According to the note, Only 23 medical devices have been notified as drugs and are regulated under Drugs and Cosmetics Act, of these, only 4 devices viz. cardiac stents, drug-eluting stents, condoms and intra uterine devices are included in the national list of essential medicines and by virtue thereof are subject to notified price ceilings.
Besides, knee implants have been brought under price control under para 19 of the Drugs (Prices Control) Order 2013. The remaining medical devices are under no price regulation.
How to Calculate Trade Margin?... Asks Niti Ayog
While there has been more or less a consensus on the concept of regulation of Trade margin on medical devices (as distinct from trade margins in pharmaceutical products) as also on the quantum of the margins ; there is a debate on the location of the “First Point of Sale” (from where to calculate the Trade Margins?) in case of imported medical devices. Suggestions in this regard include
One view is that importers are also traders and the journey of trade margins should start from the import price itself. It means, the MRP will be decided as follows:
MRP = Landed Cost + %age of Trade Margins (as decided by the government)
There is, however, another view that after importing, many expenditures are incurred by the importing companies in clinical education on deployment and use of such devices, therefore, it not the starting point of trade and therefore, rightfully the trade margins should start, as in other cases, from the First Point of Sale, that is, the Stockist. In this case, the MRP will be decided as follows:
MRP = Price at the First Point of Sale (Stockist) + %age of Trade Margins (as decided by the government)
A still third view is that the companies may be allowed to separately show the markup due to services rendered viz. clinical education etc. over and above the landed cost. In other words, the companies will arrive at the MRP as follows:
MRP = Landed cost + mark-up due to services rendered + %age of Trade Margins (as decided by the government)

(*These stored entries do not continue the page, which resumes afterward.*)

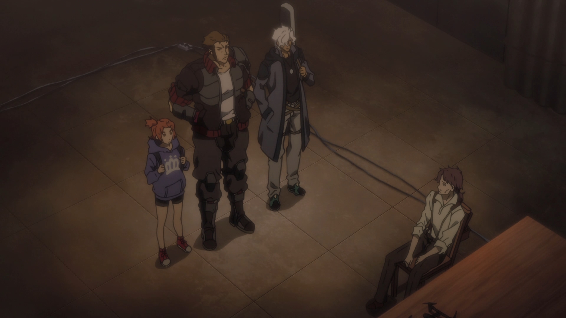 Sophie eventually catches the attention of some mysterious guy on ELDO NET, and he tells her to come to a secret location. There, they find a former employee of GarEden. He stumbled upon a great big secret about the company and the city around it, so he’s been hiding out ever since. How long has he been here, though? How does he eat? How does he shower? How come this empty building has all the power he needs and requires? Again, I just feel disengaged from the episode because the world-building feels lacking. Even the revelation that a mysterious individual not only helped him, but knows about Sword isn’t really doing much to draw me in. Then magically, he’s been found out, so a bunch of Horrors dressed in riot gear shows up to crash the party. At first, it seems like our heroes are outnumbered, but then Sophie suddenly gets a vision of a girl with Horror-like eyes… and she now has the ability to control the cameras and lights of the building on her phone? Eh…
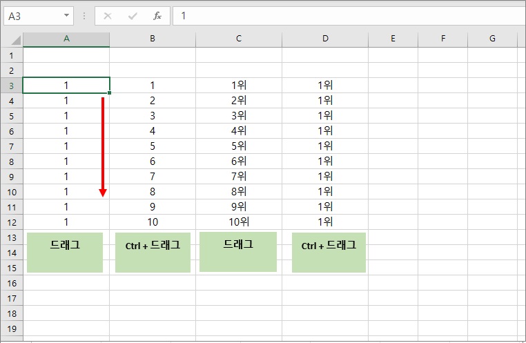 2번 : "Ctrl + 드래그" 순차적으로 늘어나면서 채워집니다.
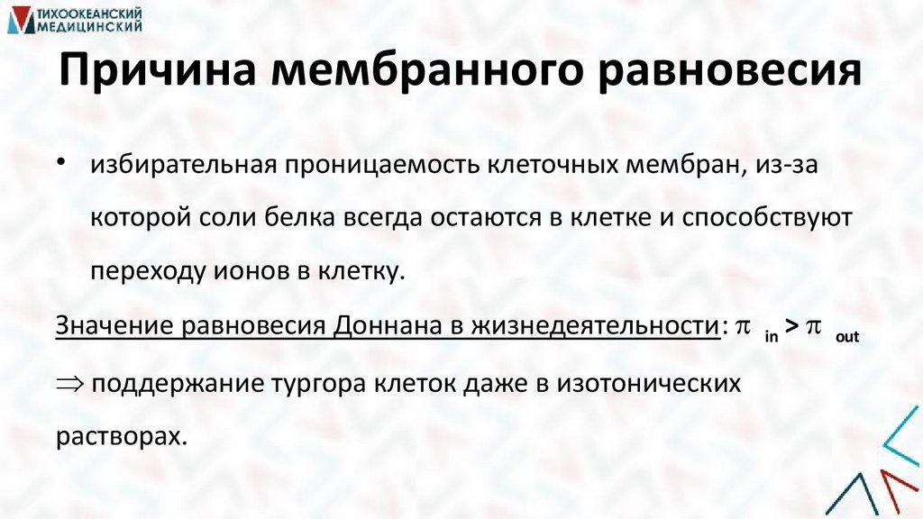 Причина мембранного равновесия• избирательная проницаемость клеточных мембран, из-за

In order to arrive at a well-informed conclusion, it may be necessary to look into the landed cost of some high value imported medical devices, their subsequent cost at the First Point of Sale, i.e. Stockist and finally their MRP. While The National Pharmaceutical Pricing Authority has already called for such data from importers companies, the government would like to elicit the formal responses from all stakeholders wishing to contribute, on:
(i) the concept of trade margin regulation as such;
(ii) the margin caps i.e., the maximum margin to be allowed;
(iii) clarity on First Point of Sale in case of imported products;
(iv) classification of Medical Devices with reference to the cost of
Servicing, logistics, inventory and other heads.
(v) any other issues pertaining to the present concept paper.
The Niti Aayog said that stakeholders can submit their comments or suggestions by 15 June 2018 at email@example.com.
As per the note, the medical devices industry has been growing at a rapid pace and is currently estimated to have a market size of $10 billion and it is likely to reach a size of $20 billion in next couple of years.
“It has been the effort of the government to encourage the medical devices industry and keep it by and large a free and unregulated industry,” the note said. India imports over 75% of all its medical device needs.